Vielmehr sei dieser Tausch des nächstliegenden Standes der Technik eine angemessene Reaktion auf die Veränderung des Schwerpunkts der Erfindung von einem Motor mit einem veränderbaren Schluckvolumen zu der Verwendung eines Schwenkmotors.

Unabhängig davon habe die Einsprechende auch bereits in der Einspruchsbegründung in Bezug auf Anspruch 2 wie erteilt Dokument D11 alleine verwendet und in der Beschwerdeerwiderung auf das erstinstanzliche Einspruchsverfahren verwiesen.

Aus diesen Gründen sei das Vorbringen der Einsprechenden ausgehend von D11 zuzulassen.

VIII. Die wesentlichen Argumente der Patentinhaberin lassen sich wie folgt zusammenfassen:

a) Unzulässige Erweiterung

i) Nur ein Antrieb

Anspruch 1 wie eingereicht bilde eine Basis dafür, dass nur ein Antrieb, aber mehrere Wellen vorgesehen seien. Im Ausführungsbeispiel nach Absatz [24] seien zwar zwei Antriebe vorhanden, der Fachmann würde aber erkennen, dass ein einziger Antrieb ausreichen würde, da die angetriebenen Wellen mechanisch gekoppelt seien.

ii) Zwischenverallgemeinerungen

In Bezug auf die Regelmodule offenbare die ursprüngliche Anmeldung sowohl eine Integration in den jeweiligen Antrieb als auch eine übergeordnete Anordnung. Eine Integration in die jeweiligen Antriebe sei nicht wesentlich.

Steuerungen, wie sie in den Absätzen [13], [14] und [25] der veröffentlichten Anmeldung beschrieben seien, stellten nur Weiterbildungen der Erfindung dar und seien insbesondere für die Umsetzung des in Absatz [24] beschriebenen Ausführungsbeispiels nicht wesentlich.

Der Fachmann wisse, dass zum Einsatz eines Schwenkmotors eine mechanische Kopplung der Wellen unumgänglich sei, weswegen diese nicht extra aufgeführt werden müsse. Ob diese mechanische Kopplung durch Zahnräder wie im Streitpatent und D11 oder anders ausgeführt würde, sei dabei nicht wesentlich.

b) Klarheit

Der Begriff "Regelmodul" war bereits Teil des erteilten Anspruchs 1 und könne daher nicht auf mangelnde Klarheit geprüft werden.

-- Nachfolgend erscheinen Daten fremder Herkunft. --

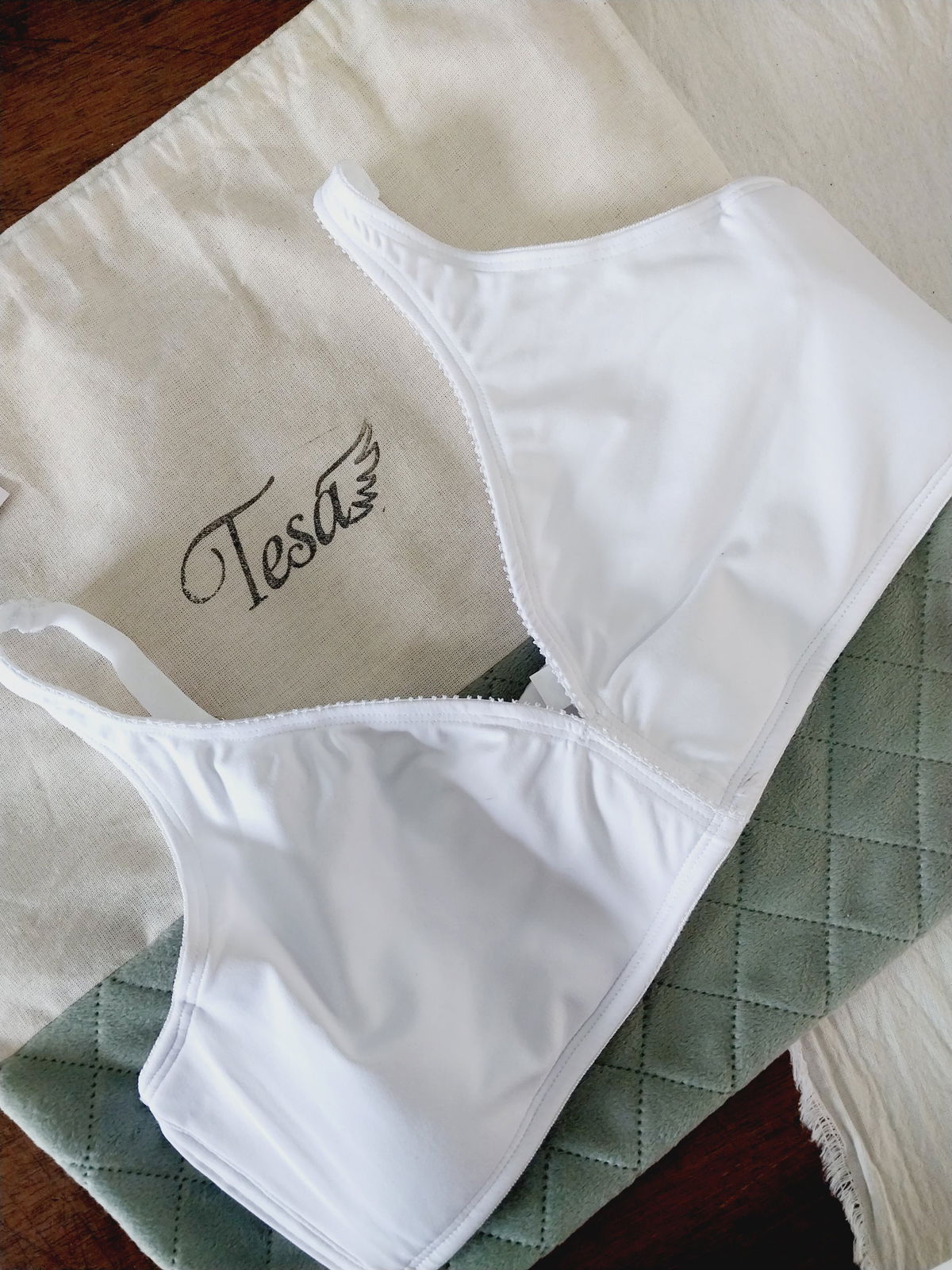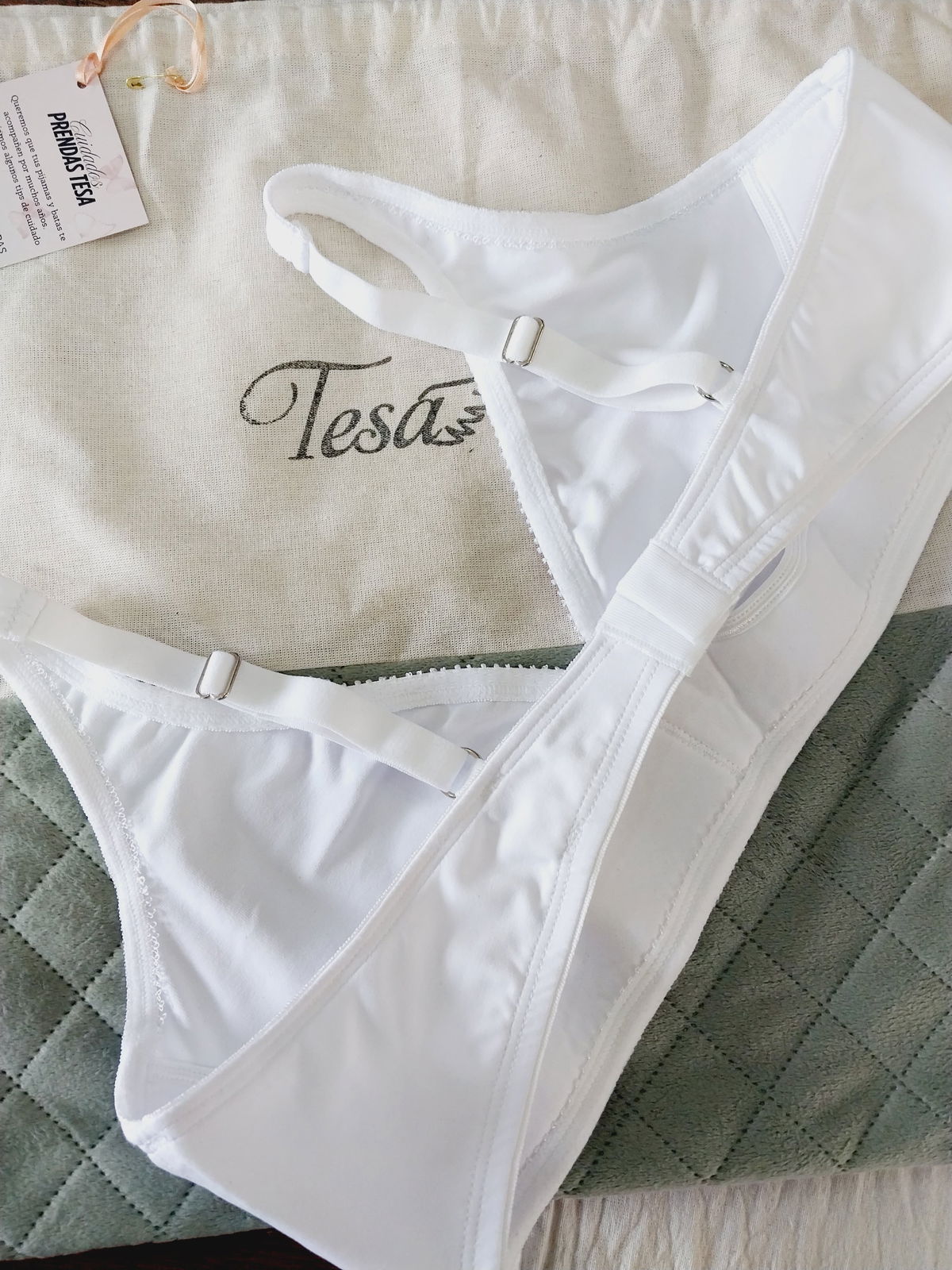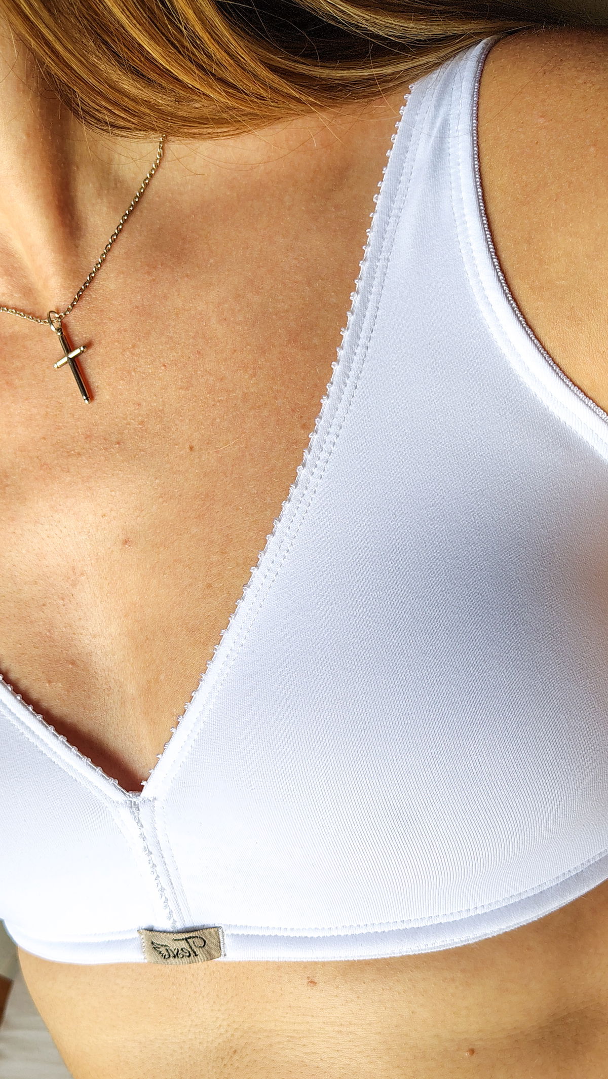 CORPIÑO triángulo de microfibra, ballenas a los costados y media luna de gomita interna

c) Mangelnde Ausführbarkeit

Der Fachmann entnähme dem Streitpatent in Absatz [6], dass das veränderbare Schluckvolumen eine Anpassung der Leistungskurve an den jeweils erforderlichen Drehzahlbereich ermögliche und dass das Schluckvolumen daher in Abhängigkeit von der Drehzahl einzustellen sei.

d) Offenbarung von D2

i) Merkmal 1.3

D2 schlage allgemein vor, Konstantmotoren zu verwenden, deren Drehzahlen proportional zum effektiven Volumenstrom durch die Motoren seien (siehe zum Beispiel Anspruch 8 und Absatz [7]). Der effektive Volumenstrom sei dabei derjenige, der in die Kolben der Pumpe gelange. Daher sei der in Absatz [26] vorgeschlagene Motor, bei dem die Drehzahl bei konstantem Volumenstrom von der Pumpe eingestellt werden könne, ein Konstantmotor ohne veränderbares Schluckvolumen, bei dem von dem von der Pumpe gelieferten konstanten Volumenstrom ein effektiver Volumenstrom für die Kolben abgeteilt wird. Ein Beispiel sei in D16 in Figur 1b gezeigt und in Absatz [34] beschrieben.

ii) Merkmal 1.5

Der Begriff "Schwenkmotor" stelle eine Gattungsbezeich­nung dar und sei dem Fachmann allgemein bekannt. Der Fachmann würde diesen Begriff nicht rein funktional auffassen. Stattdessen würde er klar zwischen Motoren und Pumpen unterscheiden. Die in D2 offenbarte Pumpe 27 würde er auf keinen Fall als Schwenkmotor auffassen.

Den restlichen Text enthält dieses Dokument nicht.